Write out the data below exactly, from its first line to the line containing "[뉴스앤톡] 거창군 보건소는", that line included.

Stored records
*****
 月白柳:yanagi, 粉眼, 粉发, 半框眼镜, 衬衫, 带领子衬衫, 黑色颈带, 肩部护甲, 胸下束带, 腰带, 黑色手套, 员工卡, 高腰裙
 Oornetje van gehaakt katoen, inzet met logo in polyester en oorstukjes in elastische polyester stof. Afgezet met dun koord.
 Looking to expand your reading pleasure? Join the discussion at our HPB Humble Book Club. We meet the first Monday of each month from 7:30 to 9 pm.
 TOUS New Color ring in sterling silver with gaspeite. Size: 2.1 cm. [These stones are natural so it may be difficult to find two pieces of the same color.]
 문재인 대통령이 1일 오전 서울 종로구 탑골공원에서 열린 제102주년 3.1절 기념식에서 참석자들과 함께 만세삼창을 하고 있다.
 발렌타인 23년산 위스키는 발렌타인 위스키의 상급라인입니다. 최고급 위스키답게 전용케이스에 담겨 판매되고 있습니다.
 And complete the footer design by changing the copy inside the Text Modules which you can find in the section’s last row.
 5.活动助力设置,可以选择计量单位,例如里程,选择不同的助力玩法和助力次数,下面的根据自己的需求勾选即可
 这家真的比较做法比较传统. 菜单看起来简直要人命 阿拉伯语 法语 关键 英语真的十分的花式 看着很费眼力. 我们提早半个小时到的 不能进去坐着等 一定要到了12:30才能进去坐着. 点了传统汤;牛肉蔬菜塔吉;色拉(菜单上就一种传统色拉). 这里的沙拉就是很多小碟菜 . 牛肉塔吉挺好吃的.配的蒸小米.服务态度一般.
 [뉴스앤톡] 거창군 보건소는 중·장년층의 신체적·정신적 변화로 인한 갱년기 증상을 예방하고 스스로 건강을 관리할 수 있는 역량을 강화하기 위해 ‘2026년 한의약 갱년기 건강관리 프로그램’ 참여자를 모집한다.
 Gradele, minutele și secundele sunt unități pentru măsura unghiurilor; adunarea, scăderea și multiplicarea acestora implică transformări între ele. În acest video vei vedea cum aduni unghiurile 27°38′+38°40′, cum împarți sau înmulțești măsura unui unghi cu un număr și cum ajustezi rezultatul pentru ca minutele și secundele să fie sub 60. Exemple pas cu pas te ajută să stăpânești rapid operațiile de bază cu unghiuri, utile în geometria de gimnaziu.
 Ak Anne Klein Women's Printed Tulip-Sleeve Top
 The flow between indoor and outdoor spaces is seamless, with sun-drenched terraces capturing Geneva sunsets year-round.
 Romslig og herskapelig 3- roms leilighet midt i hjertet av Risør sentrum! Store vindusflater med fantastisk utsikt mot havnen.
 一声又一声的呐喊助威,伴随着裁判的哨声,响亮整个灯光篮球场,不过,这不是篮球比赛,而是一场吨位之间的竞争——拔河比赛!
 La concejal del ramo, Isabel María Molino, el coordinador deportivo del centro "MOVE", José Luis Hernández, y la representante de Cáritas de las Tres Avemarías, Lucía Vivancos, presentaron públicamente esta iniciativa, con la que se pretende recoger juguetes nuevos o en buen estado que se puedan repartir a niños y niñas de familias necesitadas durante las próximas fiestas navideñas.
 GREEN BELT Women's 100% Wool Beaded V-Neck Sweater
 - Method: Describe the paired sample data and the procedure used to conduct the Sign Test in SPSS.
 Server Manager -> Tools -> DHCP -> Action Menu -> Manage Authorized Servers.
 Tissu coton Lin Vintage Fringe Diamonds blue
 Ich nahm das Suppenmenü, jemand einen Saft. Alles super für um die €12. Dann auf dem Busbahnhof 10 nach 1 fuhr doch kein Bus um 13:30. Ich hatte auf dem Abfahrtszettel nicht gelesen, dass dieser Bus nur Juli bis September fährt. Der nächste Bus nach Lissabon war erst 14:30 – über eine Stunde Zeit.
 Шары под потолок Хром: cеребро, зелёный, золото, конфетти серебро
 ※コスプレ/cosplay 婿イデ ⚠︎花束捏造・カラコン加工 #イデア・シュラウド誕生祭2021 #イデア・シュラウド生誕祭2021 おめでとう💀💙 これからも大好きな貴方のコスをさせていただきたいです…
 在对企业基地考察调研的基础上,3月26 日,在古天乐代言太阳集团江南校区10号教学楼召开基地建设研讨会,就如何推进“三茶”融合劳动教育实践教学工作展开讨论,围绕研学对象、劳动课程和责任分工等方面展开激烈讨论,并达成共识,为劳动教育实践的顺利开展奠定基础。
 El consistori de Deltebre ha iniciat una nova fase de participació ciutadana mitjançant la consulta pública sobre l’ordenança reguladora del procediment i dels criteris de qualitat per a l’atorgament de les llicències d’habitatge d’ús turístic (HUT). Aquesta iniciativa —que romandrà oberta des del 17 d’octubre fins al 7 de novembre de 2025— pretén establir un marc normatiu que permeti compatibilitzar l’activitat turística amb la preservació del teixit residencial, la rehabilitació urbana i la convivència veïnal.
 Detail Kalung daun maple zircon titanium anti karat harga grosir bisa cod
*****
**Response area:**
 月白柳:yanagi, 粉眼, 粉发, 半框眼镜, 衬衫, 带领子衬衫, 黑色颈带, 肩部护甲, 胸下束带, 腰带, 黑色手套, 员工卡, 高腰裙
 Oornetje van gehaakt katoen, inzet met logo in polyester en oorstukjes in elastische polyester stof. Afgezet met dun koord.
 Looking to expand your reading pleasure? Join the discussion at our HPB Humble Book Club. We meet the first Monday of each month from 7:30 to 9 pm.
 TOUS New Color ring in sterling silver with gaspeite. Size: 2.1 cm. [These stones are natural so it may be difficult to find two pieces of the same color.]
 문재인 대통령이 1일 오전 서울 종로구 탑골공원에서 열린 제102주년 3.1절 기념식에서 참석자들과 함께 만세삼창을 하고 있다.
 발렌타인 23년산 위스키는 발렌타인 위스키의 상급라인입니다. 최고급 위스키답게 전용케이스에 담겨 판매되고 있습니다.
 And complete the footer design by changing the copy inside the Text Modules which you can find in the section’s last row.
 5.活动助力设置,可以选择计量单位,例如里程,选择不同的助力玩法和助力次数,下面的根据自己的需求勾选即可
 这家真的比较做法比较传统. 菜单看起来简直要人命 阿拉伯语 法语 关键 英语真的十分的花式 看着很费眼力. 我们提早半个小时到的 不能进去坐着等 一定要到了12:30才能进去坐着. 点了传统汤;牛肉蔬菜塔吉;色拉(菜单上就一种传统色拉). 这里的沙拉就是很多小碟菜 . 牛肉塔吉挺好吃的.配的蒸小米.服务态度一般.
 [뉴스앤톡] 거창군 보건소는 중·장년층의 신체적·정신적 변화로 인한 갱년기 증상을 예방하고 스스로 건강을 관리할 수 있는 역량을 강화하기 위해 ‘2026년 한의약 갱년기 건강관리 프로그램’ 참여자를 모집한다.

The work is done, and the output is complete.